El lord frunció el entrecejo.
—¿Significa eso que os estáis ocultando de mí?
—Pues sí, eso mismo.
El rostro de De Roghton se tiñó de púrpura.
—¿Cómo esperáis que os pague si no os encuentro? —dijo torciendo el
gesto.
—Yendo nosotros a vos —bufó Ellery—. ¿Cómo es que aparecéis justo
cuando acabamos de encontrarla?
—Puede que, igual que tú has estado vigilándola, yo he estado
vigilando tu éxito tardío.
Ellery se ruborizó ligeramente. El tono del lord era insultante, aunque
Milisant no detectó lo ofensivo de esas palabras. Fuera cual fuese el ultraje,
Ellery sí lo acusó. De pronto, a ella se le ocurrió...

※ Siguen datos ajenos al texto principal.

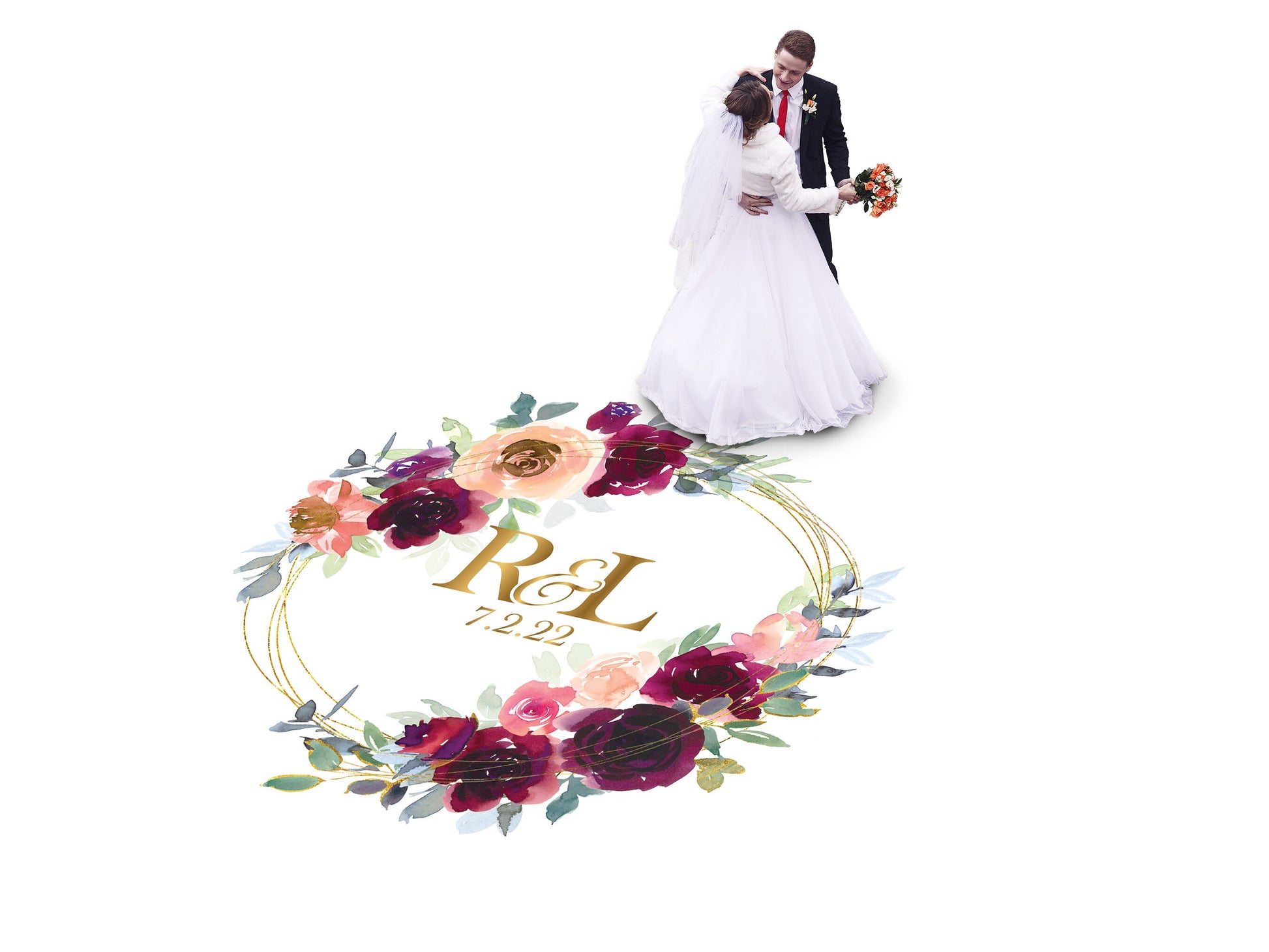 Custom Wedding Decal Dance Floor Wrap Gloss Removable Vinyl. Monogram Print and Vinyl to cover the entire dancefloor. Wedding logo design

—¿Había un plazo para mi captura? —preguntó—. Al menos podríais
decirme en qué consiste todo esto.
El lord había decidido ignorarla. Iba a morir. No tenía sentido
malgastar tiempo y explicaciones con ella. Pero Ellery no era de la misma
opinión.
—Sí, creo que merece saber por qué. A mí también me gustaría saber
la respuesta, así que decídselo, lord Walter.
Milisant no conocía ningún noble que recibiese órdenes de un vulgar
mercenario. Pero el lord había oído lo mismo que ella, la amenaza que
titilaba en la voz de Ellery, una sutil intimidación.

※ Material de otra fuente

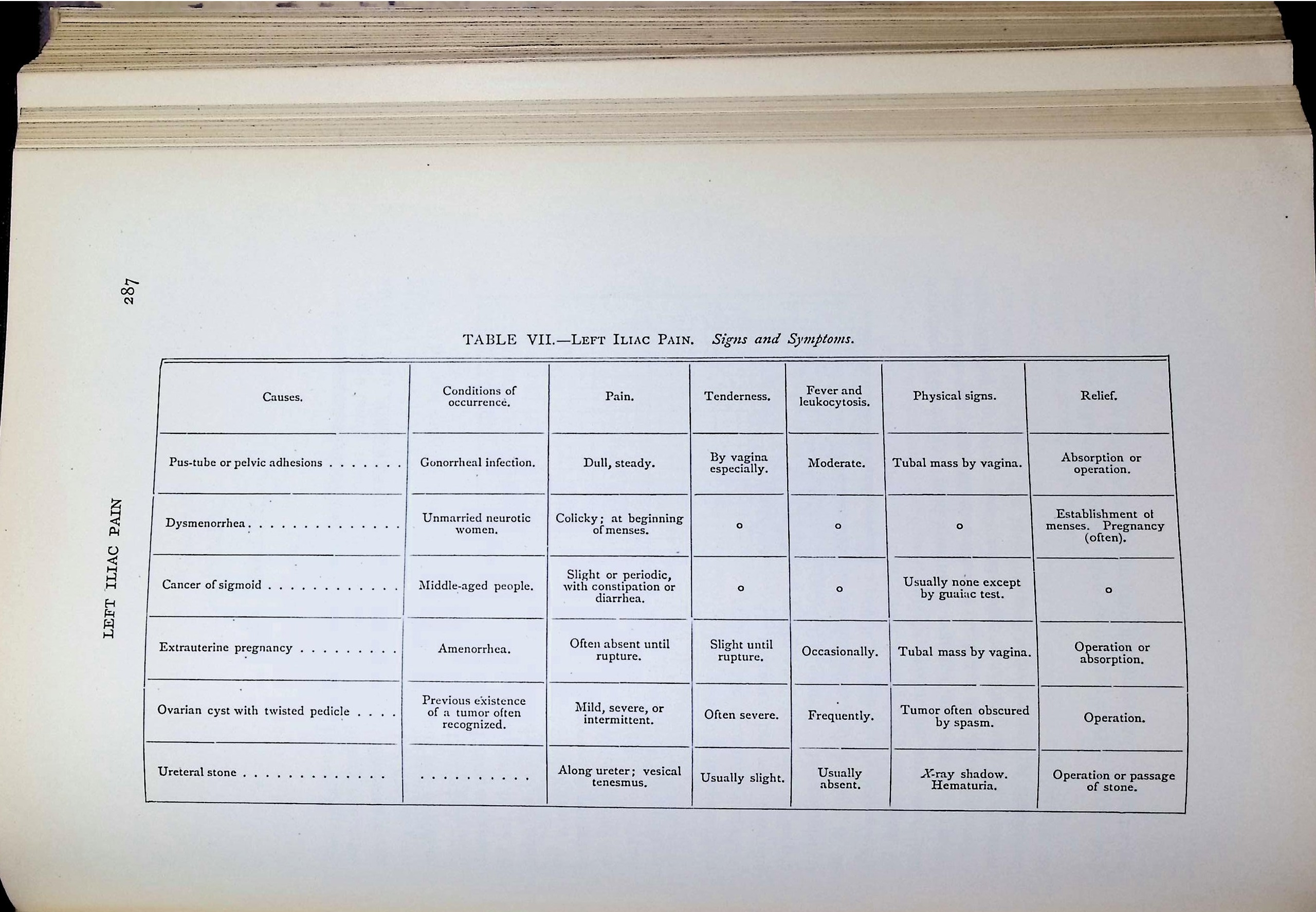 • Tables such as “Left Iliac Pain” include symptom associations like “unmarried neurotic women” under dysmenorrhea—a revealing look at the gendered medical language of the period.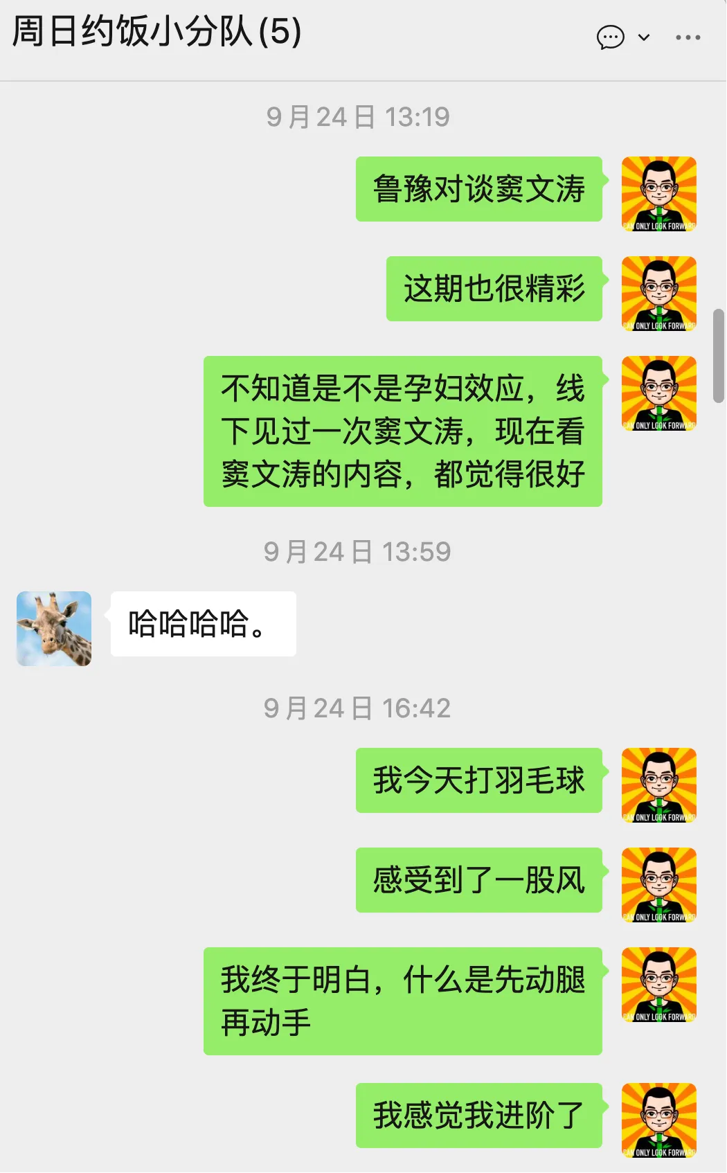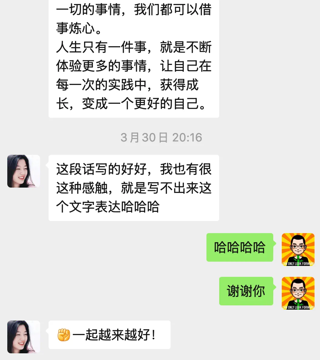 所以,我决定以后和别人聊天,也全神贯注的,根据当下的场景去反应,去思考,把注意力放在对方身上,这样一定会产生很多不一样的东西。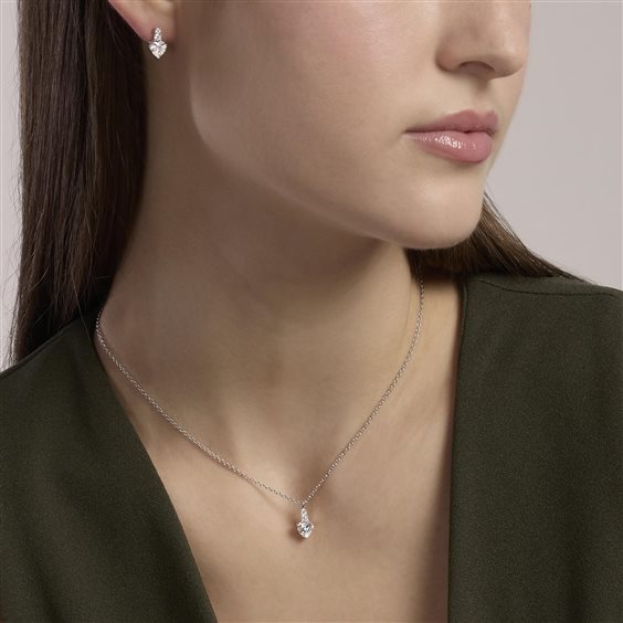 Girocollo in argento 925 rodiato e zirconi bianchi. Catena maglia rolò. Pendente cm 1,3 con 3 zirconi scalari, ultimo taglio cuore. Misura regolabile da cm 39 a cm 43.

De Roghton intentó hacerle caso omiso, e insistió en preguntar:
—¿Por qué sigue viva?
Ellery sacó la daga. Milisant palideció. Pero el arma no era para ella; al
menos todavía no. Con calma y sangre fría, se limpió una uña con la punta
de la hoja. Luego miró de nuevo a De Roghton, fijamente, sin apartar los ojos
de él. Tras unos momentos de tensión, el lord accedió a responder a la
pregunta de Milisant, mirándola con arrogancia.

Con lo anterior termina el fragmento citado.